→ **DATASET EXTRACT**:
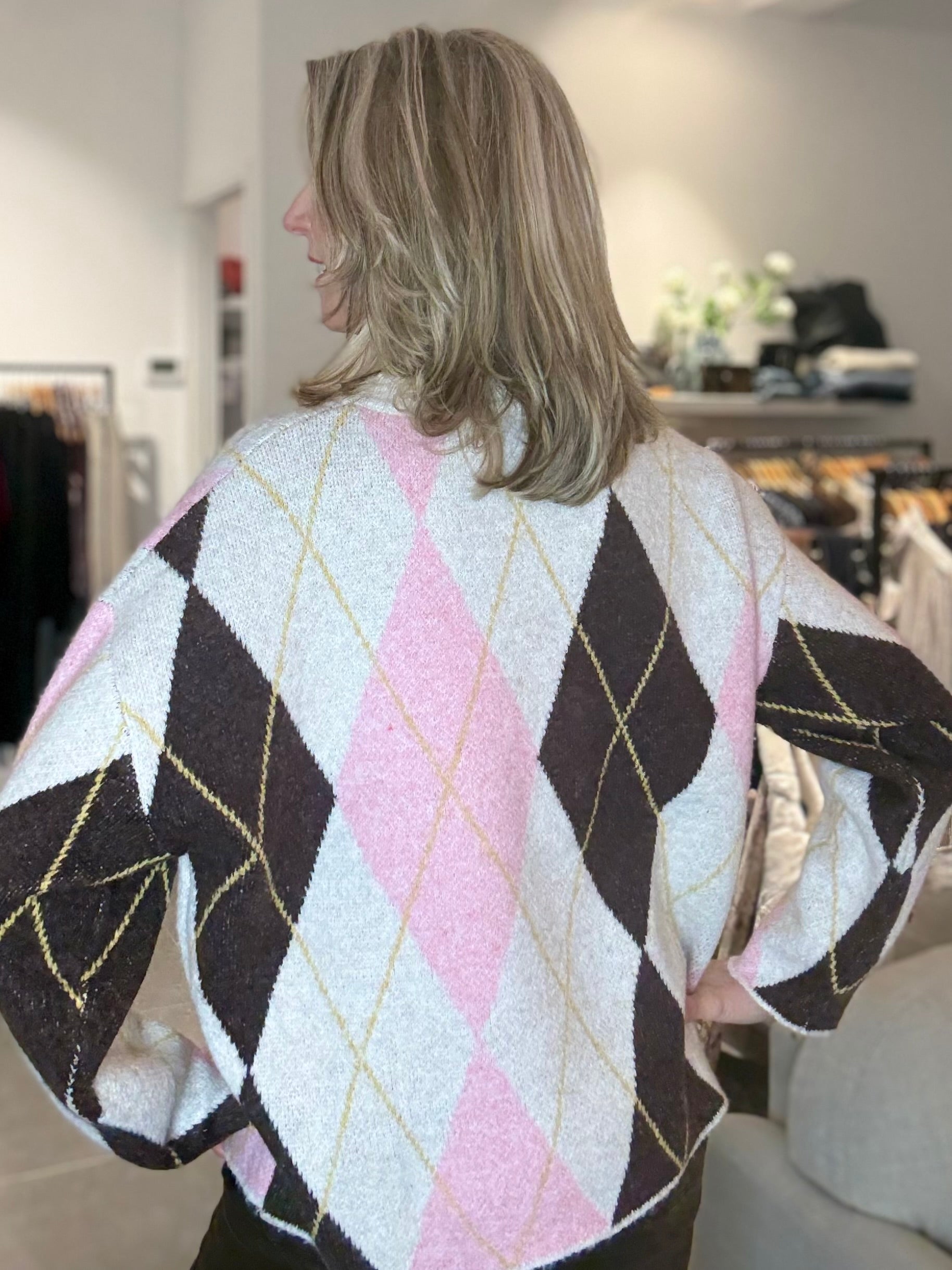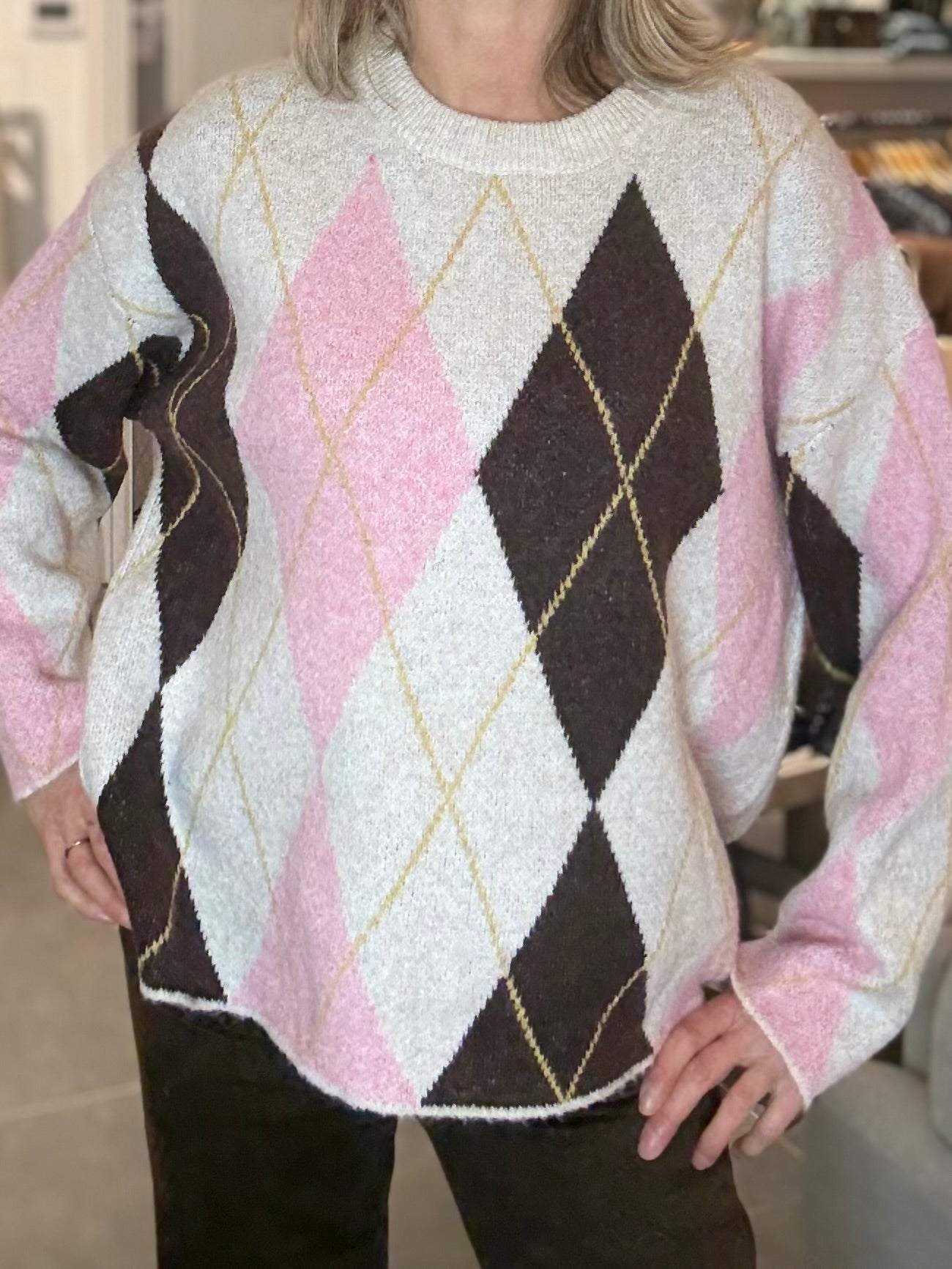 De trend van nu! Trui met groot ruitpatroon. De trui heeft lange mouwen zonder manchetten en geen onderboord. De trui heeft een ronde hals. Deze trui is one size en valt ruim. Past het mooist bij maat 38 tm 42.
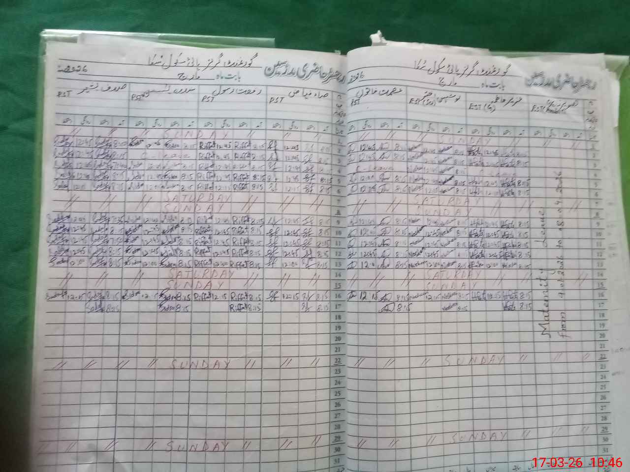 | Leave | Duty | Absent | Maternity | Medical | Ex- Pak |
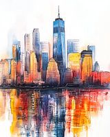 De skyline van New York krijgt een nieuwe dimensie in deze aquarelcompositie. Met zachte, vloeiende penseelstreken worden de iconische gebouwen weerspiegeld in een glinsterend wateroppervlak, waarbij de levendige energie van de stad en de rust van het water samenkomen. De aquareltechniek brengt een dromerige kwaliteit naar voren, waarin…
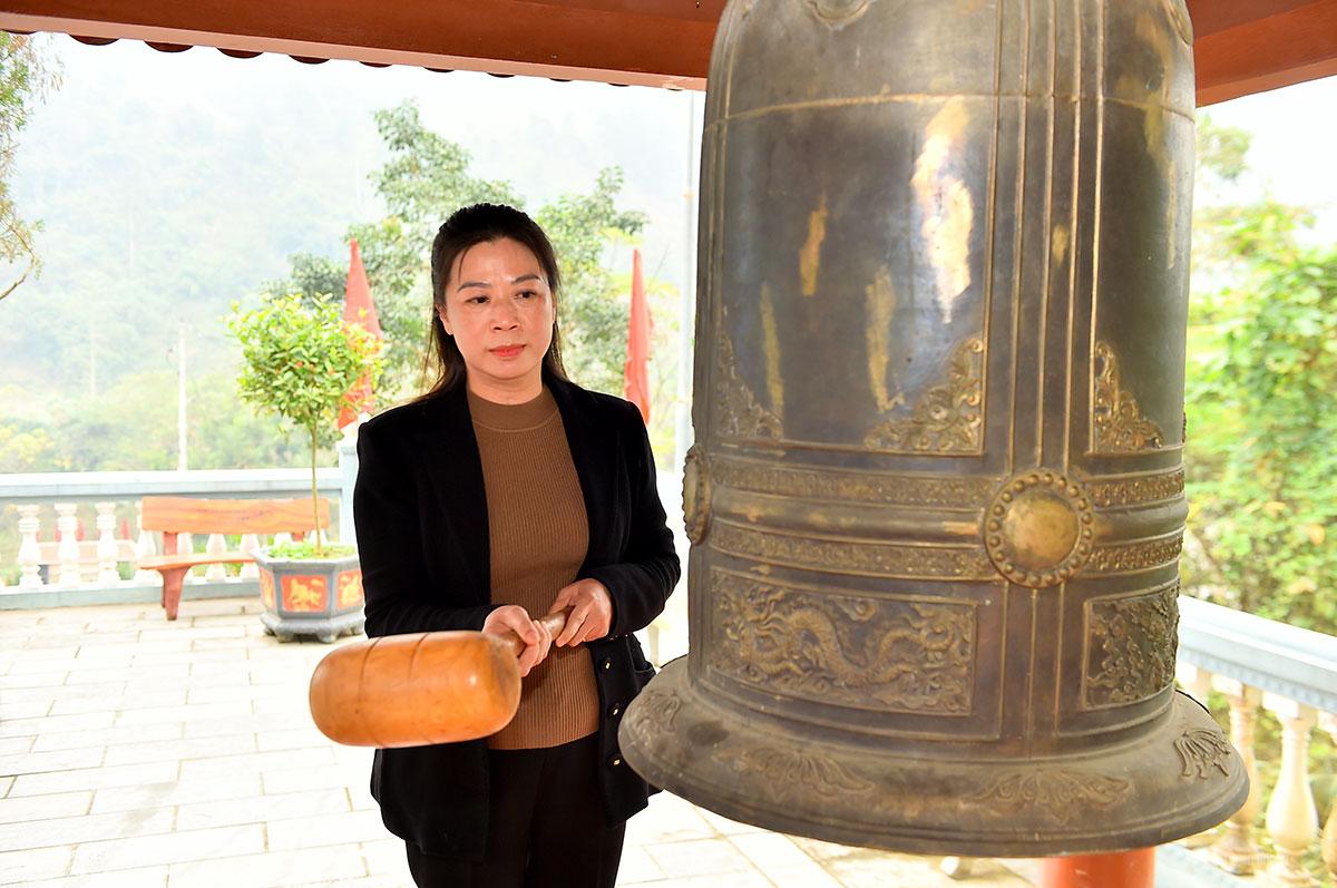 Đồng chí Phó Bí thư Thường trực Tỉnh ủy Lê Thị Kim Dung thỉnh chuông dâng lễ tại Đền thờ các Anh hùng liệt sỹ xã Minh Tân.

→ **THE PROBLEM**: When you return the listing, keep it exact and omit any pictures it holds.

→ **RESPONSE BELOW**:
 De trend van nu! Trui met groot ruitpatroon. De trui heeft lange mouwen zonder manchetten en geen onderboord. De trui heeft een ronde hals. Deze trui is one size en valt ruim. Past het mooist bij maat 38 tm 42.
 | Leave | Duty | Absent | Maternity | Medical | Ex- Pak |
 De skyline van New York krijgt een nieuwe dimensie in deze aquarelcompositie. Met zachte, vloeiende penseelstreken worden de iconische gebouwen weerspiegeld in een glinsterend wateroppervlak, waarbij de levendige energie van de stad en de rust van het water samenkomen. De aquareltechniek brengt een dromerige kwaliteit naar voren, waarin…
 Đồng chí Phó Bí thư Thường trực Tỉnh ủy Lê Thị Kim Dung thỉnh chuông dâng lễ tại Đền thờ các Anh hùng liệt sỹ xã Minh Tân.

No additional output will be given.